Friday, September 11, 2009

Foodie Friday: Brownie Mosaic Cheesecake


Wowie, wow, wow. This has got to be one of the yummiest things that I have ever made. (If I do say so myself.) Thanks Brown Eyed Baker for this delicious recipe.

My parents were here over Labor Day weekend. Since it was my moms birthday a few days later I thought that I would make her a birthday cake. Now I could have recreated some of the cakes that I made her in my youth. (I would bake a box cake and then make powdered sugar frosting without a recipe. I would always try my hand at "fancy" icing.
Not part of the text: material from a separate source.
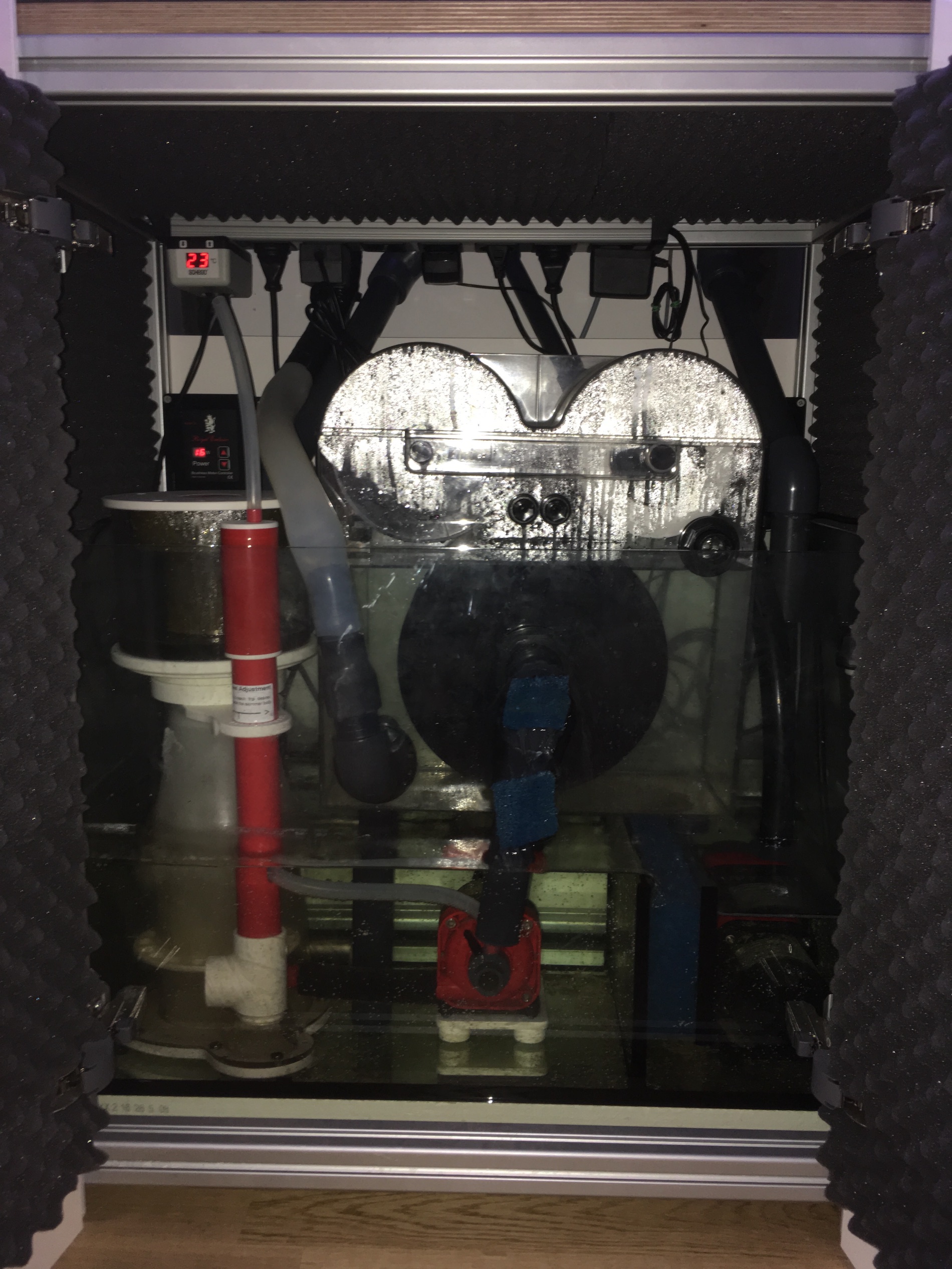 - 50 Watt Speedy regelbare RFP. Läuft bei 25 Watt, es dürften so um die 1200l/h umgewälzt werden. Anfangs habe ich mir gedacht, dass die nicht entkoppelt werden muss...Fehler :) immer brav alles entkoppeln, es wird definitiv leiser.

This usually involved a Ziplock Bag and dying the frosting. Somehow the frosting always ended up looking the color of mint toothpaste.) Instead, I decided that since we are both a bit older, the occasion called for a more mature recipe. I found this and knew that I had to give it a try.

(I am hoping that this cake made up for the fact that I am not done making her birthday present yet.)


Part One: Brownies
4 oz unsweetened chocolate
3/4 c butter
1 3/4 c sugar
3 eggs
1 t vanilla
1/2 t salt
1 c flour

Preheat oven to 350. Line a 13x9 baking pan with foil, with ends of foil extending out over the sides. Grease the foil.
Microwave chocolate and butter in large microwaveable bowl on high for 2 minutes or until butter is melted. Stir until chocolate is completely melted. Stir in sugar. Blend in eggs and vanilla. Add flour and salt; mix well. Spread into prepared pan.
Bake 30-35 minuted or until toothpick inserted in the center comes out with fudgy crumbs. (Do not overbake.) Cool in pan on a wire rack. Remove brownies from pan using foil handles.
Cool brownies, then cut them into 3/4 to 1 inch squares for use in the cheesecake. You will need two cups for the cheesecake. What you do with the remaining schnibbles is up to you. ;o)

Part Two: Crumb Crust
(These measurements are for a doubled crust as per the Brown Eyed Baker's suggestion.)
3 c finely ground Oreos
10 T butter, melted
2/3 c sugar
1/4 t salt

Stir together and press into the bottom and 1 inch up the side of a buttered 10 inch springform pan.

Part Three: Cheesecake
3 (8 oz) packages of cream cheese softened
1 c sugar
4 large eggs
1 t vanilla

Preheat oven to 350.
Beat together cream cheese and sugar until fluffy. Add eggs, one at a time, then vanilla, beating on low speed after each ingredient is incorporated and scraping down bowl between additions.
Fold brownie cubes in very gently and pour mixture into prepared pan. Put springform pan in shallow baking pan in middle of the oven. Bake for 45 minuted, or until cake is set three inches from edge, but center is still slightly wobbly when pan is gently shaken.

Part Four: Chocolate Ganache
3 oz bittersweet chocolate, finely chopped
4 T butter
1/4 c heavy cream
1/2 t vanilla
1 T powdered sugar

Place finely chopped chocolate in medium size mixing bowl. Scald the butter and cream together in a saucepan. Pour the cream mixture over the chocolate and stir until the chocolate is completely melted. Whisk in vanilla and then whisk in powdered sugar until smooth. Spread over cooled cheesecake while ganache is still warm. Chill until ready to serve.

2 comments:

Emily said...

Just gained five pounds. Just from reading this. But oh boy does this look worth the 5 pounds!

Michelle {Brown Eyed Baker} said...

I'm so happy that you and your family enjoyed this cheesecake! Happy Birthday to your mom!